--- WHAT IS REQUIRED ---
Could you print the stretch of lines below from the one with "Suterénní expozice je" through the one with "Düşük Omuz Pulpayet", exactly as they stand and without any pictures?

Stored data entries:
○ ○ ○ ○

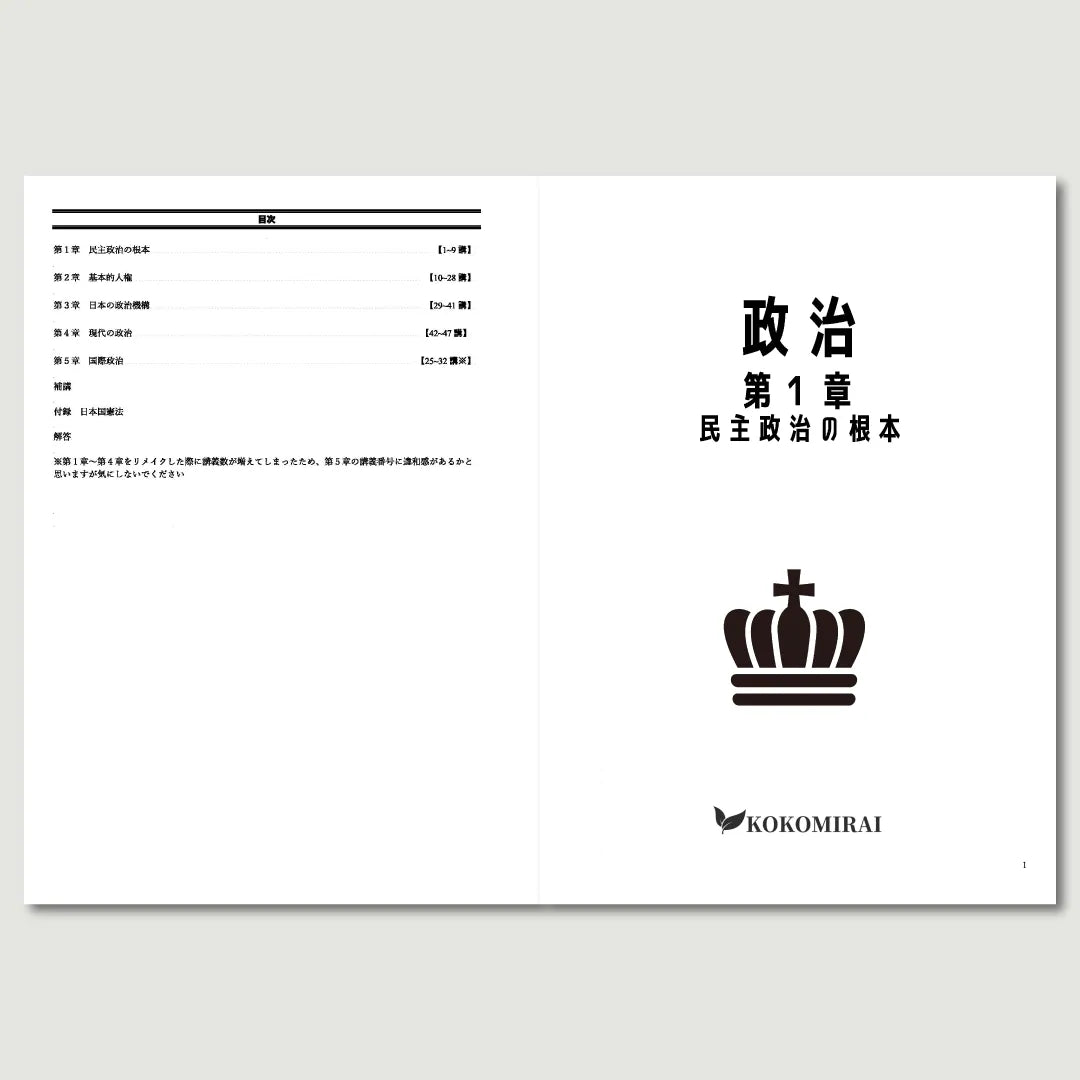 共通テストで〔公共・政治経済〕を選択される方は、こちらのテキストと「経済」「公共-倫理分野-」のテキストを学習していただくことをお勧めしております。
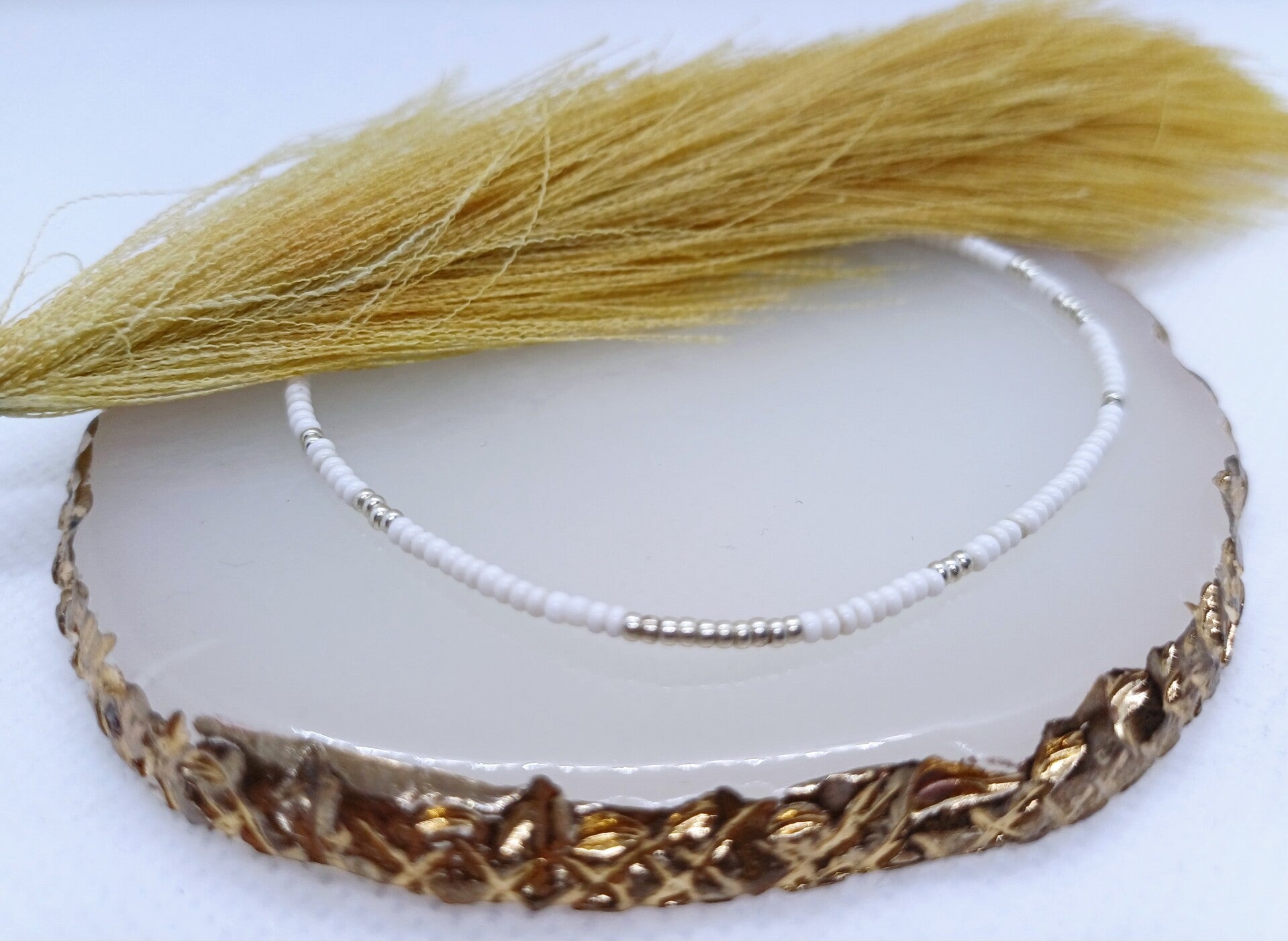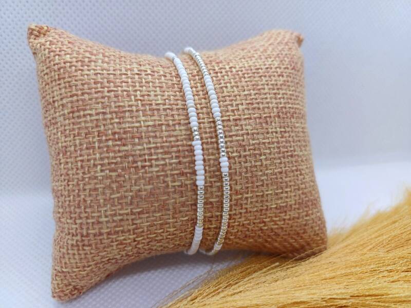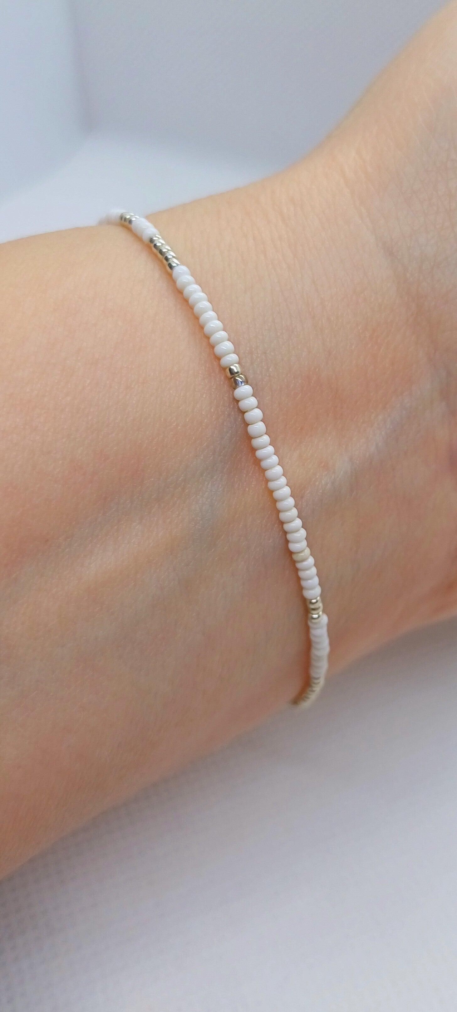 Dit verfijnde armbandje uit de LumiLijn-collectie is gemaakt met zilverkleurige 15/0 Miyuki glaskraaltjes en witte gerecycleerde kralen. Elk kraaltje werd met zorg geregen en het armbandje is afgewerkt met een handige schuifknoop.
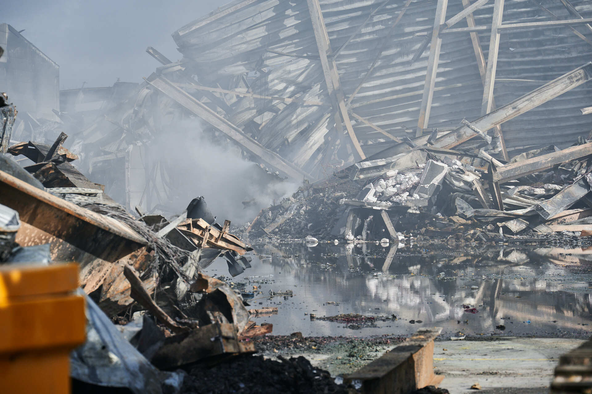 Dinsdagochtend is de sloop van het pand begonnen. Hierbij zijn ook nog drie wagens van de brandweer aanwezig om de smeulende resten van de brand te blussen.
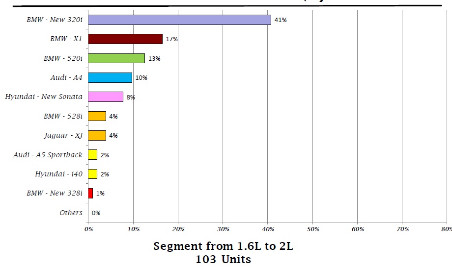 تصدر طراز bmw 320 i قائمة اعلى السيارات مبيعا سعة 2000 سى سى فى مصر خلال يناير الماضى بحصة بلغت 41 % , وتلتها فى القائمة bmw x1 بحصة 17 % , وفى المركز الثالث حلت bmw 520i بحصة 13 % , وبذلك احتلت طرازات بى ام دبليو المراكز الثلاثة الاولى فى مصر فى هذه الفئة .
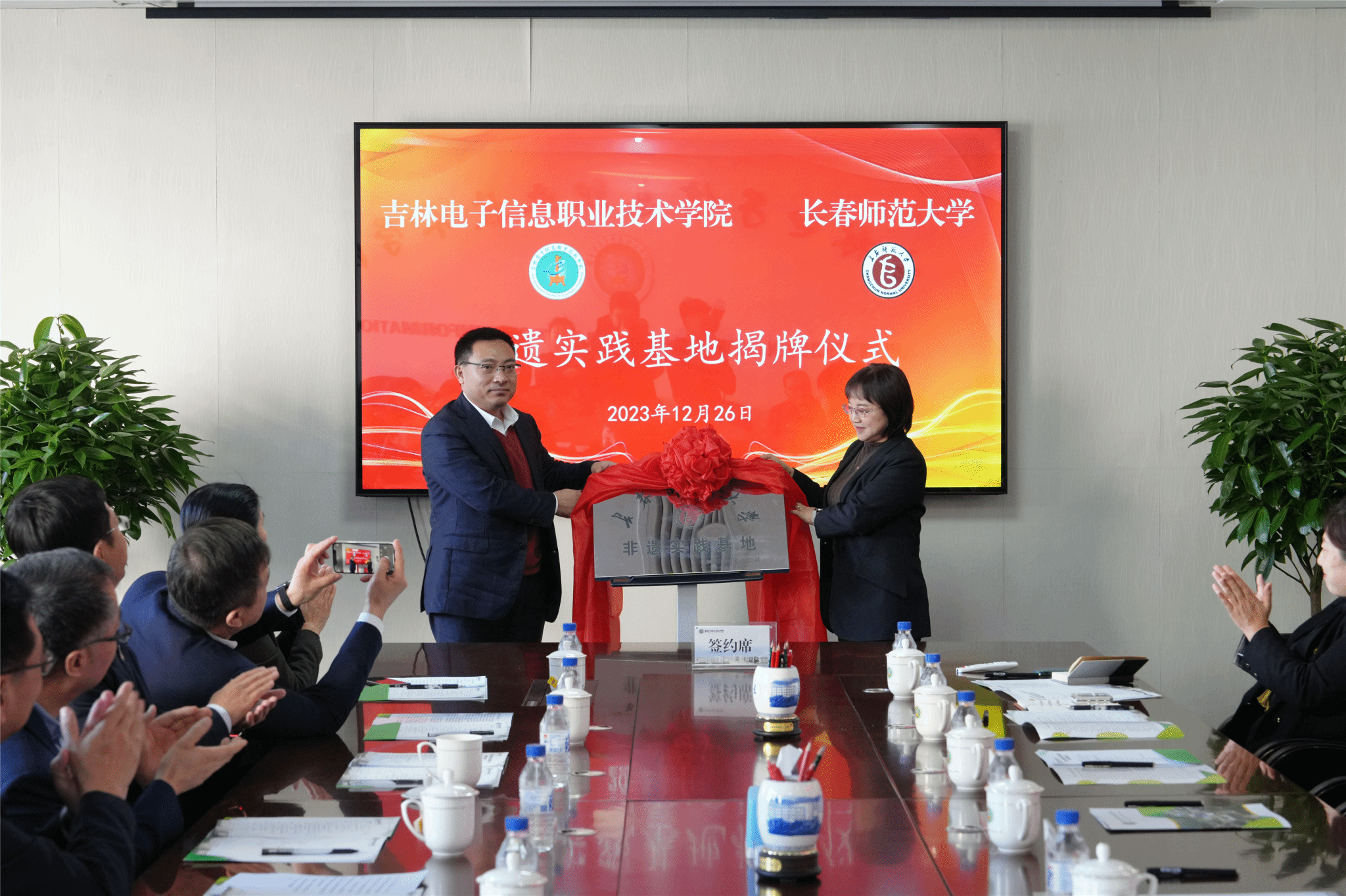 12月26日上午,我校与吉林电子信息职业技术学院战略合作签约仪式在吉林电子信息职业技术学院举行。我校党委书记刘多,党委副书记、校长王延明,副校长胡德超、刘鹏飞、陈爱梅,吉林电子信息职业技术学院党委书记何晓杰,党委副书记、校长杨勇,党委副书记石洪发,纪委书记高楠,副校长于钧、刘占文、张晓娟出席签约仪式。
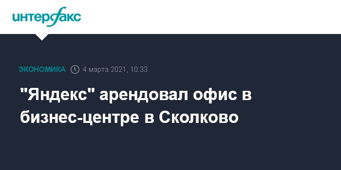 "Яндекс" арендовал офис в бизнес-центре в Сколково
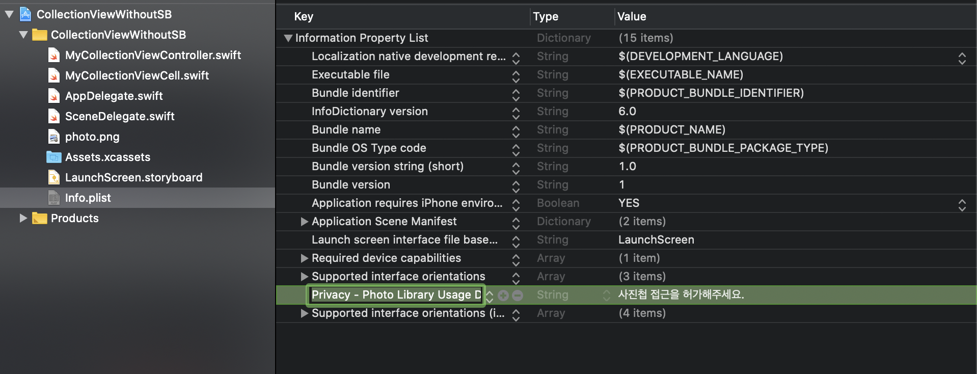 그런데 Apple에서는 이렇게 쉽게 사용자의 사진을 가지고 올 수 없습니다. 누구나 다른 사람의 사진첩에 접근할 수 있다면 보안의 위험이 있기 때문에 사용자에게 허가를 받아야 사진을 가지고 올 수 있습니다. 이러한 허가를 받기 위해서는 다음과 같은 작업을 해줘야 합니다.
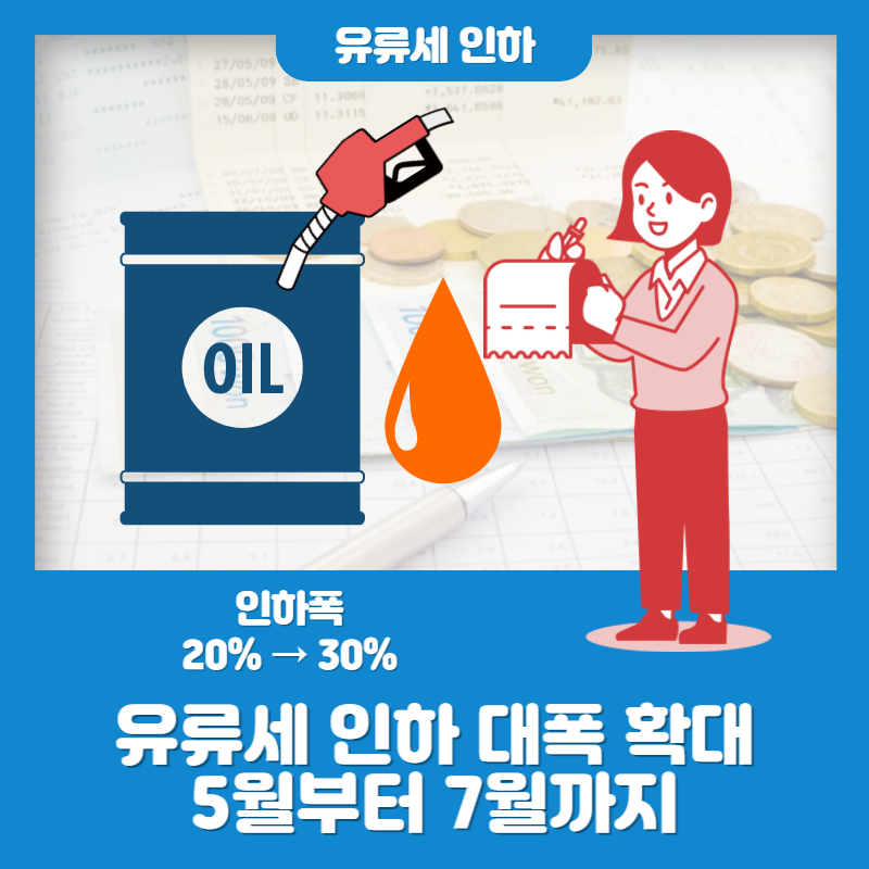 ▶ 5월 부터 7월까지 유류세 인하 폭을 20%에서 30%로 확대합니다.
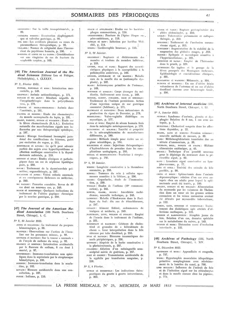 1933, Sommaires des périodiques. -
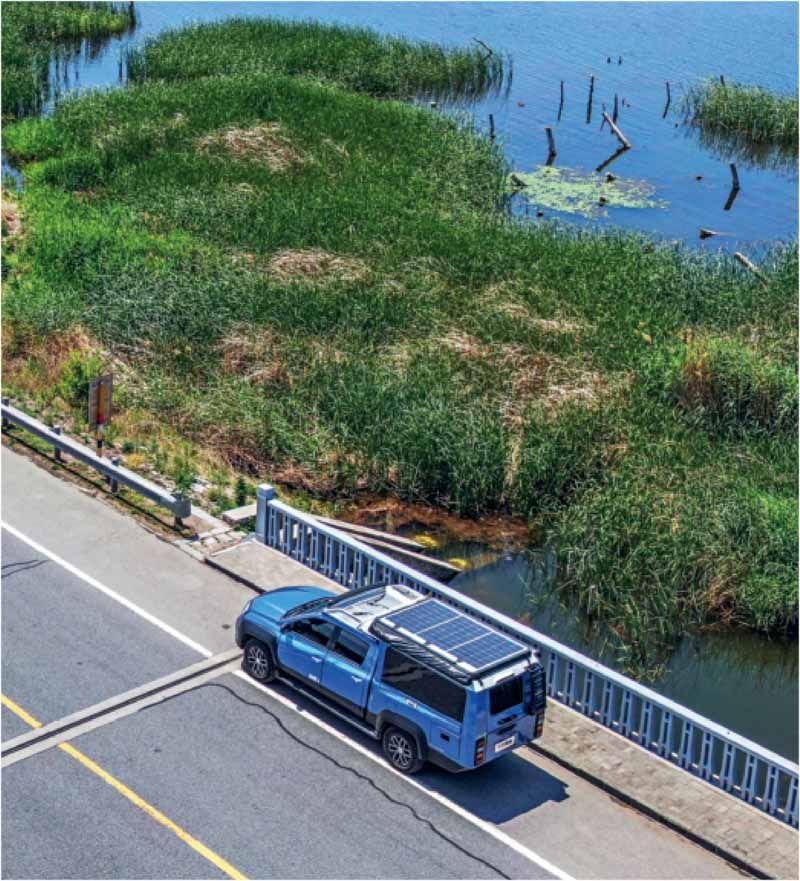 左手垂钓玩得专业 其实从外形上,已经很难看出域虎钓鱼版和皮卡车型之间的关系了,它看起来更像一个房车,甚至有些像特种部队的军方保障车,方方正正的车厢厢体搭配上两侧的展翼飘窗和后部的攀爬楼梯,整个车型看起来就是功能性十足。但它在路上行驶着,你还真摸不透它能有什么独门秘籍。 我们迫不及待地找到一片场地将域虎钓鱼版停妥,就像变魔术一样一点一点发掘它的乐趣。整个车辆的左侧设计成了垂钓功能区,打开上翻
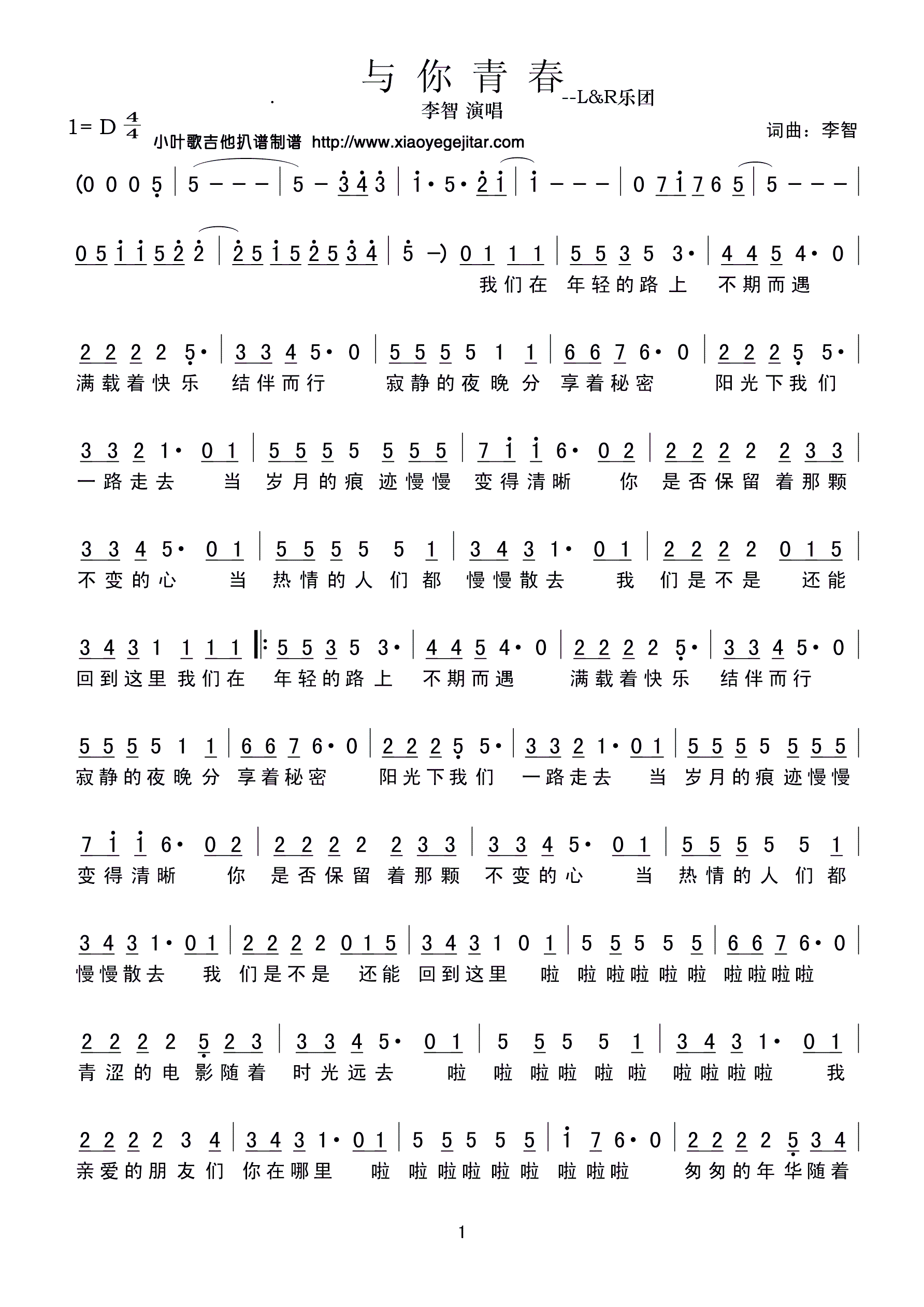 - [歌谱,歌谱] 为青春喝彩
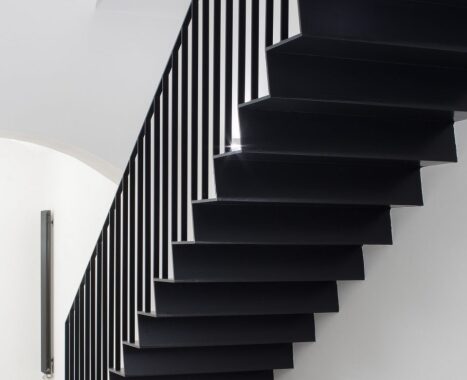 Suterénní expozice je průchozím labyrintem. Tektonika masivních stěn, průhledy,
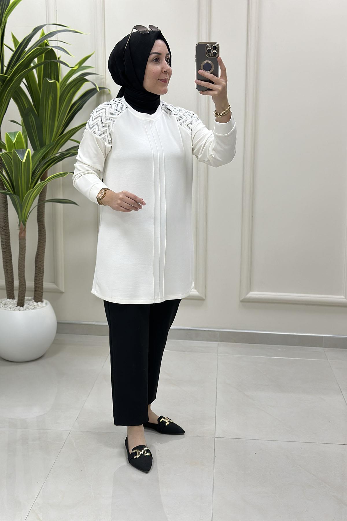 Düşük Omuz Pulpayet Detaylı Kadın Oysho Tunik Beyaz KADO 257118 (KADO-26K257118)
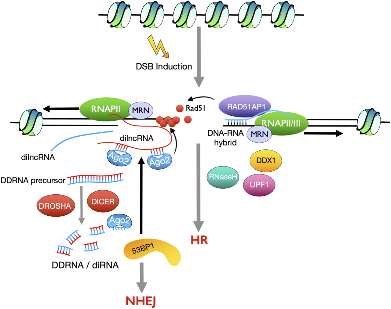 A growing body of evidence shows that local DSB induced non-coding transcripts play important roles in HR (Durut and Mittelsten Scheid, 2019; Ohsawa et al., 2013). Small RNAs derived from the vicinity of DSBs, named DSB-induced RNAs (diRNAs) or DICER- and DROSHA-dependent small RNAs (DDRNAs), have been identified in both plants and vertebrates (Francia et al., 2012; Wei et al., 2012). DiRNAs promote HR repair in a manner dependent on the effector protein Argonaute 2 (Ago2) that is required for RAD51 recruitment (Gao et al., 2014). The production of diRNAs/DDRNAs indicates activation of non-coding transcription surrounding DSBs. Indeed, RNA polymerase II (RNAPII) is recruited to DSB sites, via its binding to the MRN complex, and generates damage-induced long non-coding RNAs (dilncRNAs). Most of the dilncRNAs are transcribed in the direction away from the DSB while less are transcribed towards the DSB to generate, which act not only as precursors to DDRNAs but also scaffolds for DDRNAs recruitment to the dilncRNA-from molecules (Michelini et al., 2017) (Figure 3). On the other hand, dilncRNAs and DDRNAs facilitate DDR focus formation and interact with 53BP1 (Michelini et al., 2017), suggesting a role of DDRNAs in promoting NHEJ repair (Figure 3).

○ ○ ○ ○

--- SOLUTION ---
 Suterénní expozice je průchozím labyrintem. Tektonika masivních stěn, průhledy,
 Düşük Omuz Pulpayet Detaylı Kadın Oysho Tunik Beyaz KADO 257118 (KADO-26K257118)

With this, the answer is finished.